[R-sig-finance] Distribution Fitting and fitdistr()

Tue Apr 25 12:21:02 CEST 2006

On Mon, 2006-04-24 at 23:09 -0400, Krishna Kumar wrote:
> Lorenzo Isella wrote:
> 
> >Dear All,
> >I think I understood how to use the fitdistr() function to fit random
> >draws to a certain distribution.
> >I first tested it on a unimodal Gaussian distribution:
> >
> >  
> >
> 
> This only works for distributions that are specified below
>  >>>
> Distributions '"beta"', '"cauchy"', '"chi-squared"',
>           '"exponential"', '"f"', '"gamma"', '"geometric"',
>           '"log-normal"', '"lognormal"', '"logistic"', '"negative
>           binomial"', '"normal"', '"Poisson"', '"t"' and '"weibull"'
>           are recognised, case being ignored.
>  >>>>>>>>
> 
> >Then I tested it on a set of draws from a mixture made up of three
> >Gaussian distributions.
> >This time I used 9 fitting parameters:
> >- 3 weights N1,N2,N3 for the components of the Gaussian mixture
> >- 3 standard deviations sig1,sig2,sig3
> >- 3 means mu1,mu2,mu3
> >
> >  
> >
> 
> The package nor1Mix has density , distribution and rng for mixtures but 
> no fitting so here is a  fitting function..
> 
> mydistr<-function(x,mu,sig,wt)
> {
> sum(wt*dnorm(x,mu,sig))
> }
> 
> mydistrmle<-function(x, y = x) {
> 
> #mu goes from x1:3 sig goes x 4:6 and wt goes x 7:9
>         f = -sum(log(mydistr(y, c(x[1],x[2],x[3]),     
> c(x[4],x[5],x[6]),     c(x[7],x[8],x[9])  )))
>         cat("\n Function value:  ", -f)
>         cat("\n  Estimated parameters:       ", 
> c(x[1],x[2],x[3]),c(x[4],x[5],x[6]),c(x[7],x[8],x[9]), "\n")
> 
>         f
>     }
>    
> 
> 
> #generate 1000 samples from norMix  mixture MW.nm2
> x<-rnorMix(1000,MW.nm2)
> hist(rnorMix(1000,MW.nm2))
> #  Give it a starting values
> mu<-c(-0.2,0.4,0.9)
> sigma<-c(0.2, 0.2, 0.6)
> wt<-c(0.3,0.3,0.2)
> r<-optim(c(mu,sigma,wt),mydistrmle,control=list(maxit=50000))
> print(matrix(r$par,3,3))
> print(MW.nm2)
> 
> You will have to add additional constraints on the "wt" etc.  ( see 
> ?constrOptim)
> 
> Further I don't think there is a guaranteed unique decomposition of 
> variance between the three gaussians.
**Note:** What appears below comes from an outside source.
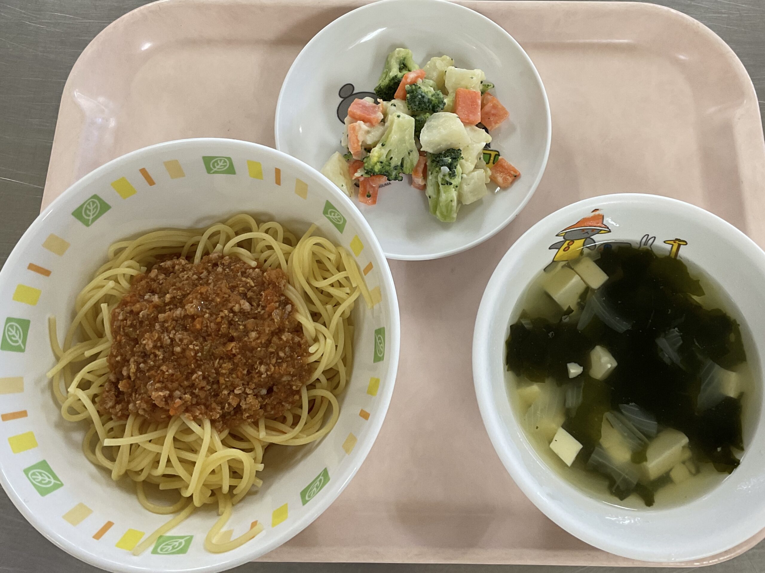 〈給食〉ミートスパゲッティ、ブロッコリーとじゃがいものサラダ、とうふスープ

Just try different starting values
> and also is there a reason to stop at 3 gaussians ?..
> 
> Krishna

Thanks. There is not a particular reason to stop at three Gaussians
apart from the fact that I know that the data I will soon be given show
a 3 modal distribution.
Apart from implementing some extra constrains, are these sort of
problems numerically stable? I get plenty of warnings when I run your
code, although it executes.
Are those warnings anything to worry about or do they simply mean that
in some iterations the optimizer rejects the solution (though they seem
to deal with dnorm())?
Cheers

Lorenzo